The cuff should be placed on the participant’s non-dominant arm and in the correct position. The arrow should point to mid point of antecubital fossa (or “inside elbow”). Measure 1” (2 finger breaths) above the crease in the antecubital fossa of the participant's non-dominant arm (suggest marking the participant’s arm – this may be helpful to the participant if the cuff is released during the 24 hour period and has to be replaced). Make sure the cuff is snug enough that it will not slide but not too tight (if no more that 2 finger breaths can slide under the cuff than it is not too tight or too loose).
The participant will be asked to wear the blood pressure monitor for a period of 24 hours beginning on the day of the baseline visit (after all other testing has been performed and completed) and again at the primary end point visit, Month 3. The purpose of the monitor and its proper use must be clearly explained to the participant.

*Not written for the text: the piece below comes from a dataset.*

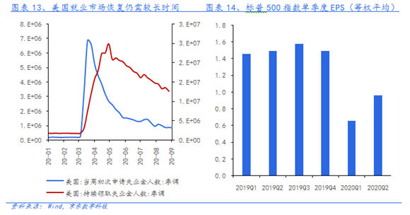 2)美國(guó)勞動(dòng)生產(chǎn)率提升遲緩,經(jīng)濟(jì)復(fù)蘇緩慢,企業(yè)盈利改善有限。筆者曾在2014年《美國(guó)經(jīng)濟(jì)步入格林斯潘式復(fù)蘇》一文中指出"美國(guó)人均產(chǎn)出的增長(zhǎng)率大大低于歷史平均水平……基礎(chǔ)設(shè)施落后……美國(guó)經(jīng)濟(jì)還不具備進(jìn)入一個(gè)新的繁榮周期的條件".遲緩的勞動(dòng)生產(chǎn)率增速制約了當(dāng)前經(jīng)濟(jì)復(fù)蘇和企業(yè)盈利的修復(fù)。8月底以來,美國(guó)初請(qǐng)失業(yè)金人數(shù)基本持平在88萬人附近,遠(yuǎn)高于疫情之前;而續(xù)請(qǐng)失業(yè)金人數(shù)更是在千萬級(jí)之上持續(xù)數(shù)月、去化緩慢。美國(guó)失業(yè)率仍處于8%以上的歷史高位,未來需要較長(zhǎng)時(shí)間恢復(fù)。美國(guó)疫情控制不利,爆發(fā)以來從未有效降低,反而一再創(chuàng)出新高,也嚴(yán)重影響了各行業(yè)經(jīng)營(yíng)和消費(fèi)意愿。從企業(yè)盈利來看,二季度標(biāo)普500指數(shù)平均EPS較一季度明顯回升,但仍大幅低于19年同期水平。

The coordinator may want to inform the participant that he/she may feel:
The research coordinator will be responsible for programming and calibrating (or initializing) the AMBP, instructing the participant on its proper use, distribution of the diary and instruction sheet and recording the equipment on the Device Accountability Log. Also arrangements must be made for return of the equipment and completed diary prior to leaving the facility. A prepaid shipping container may be provided for this purpose if other arrangements (courier service) have not been made.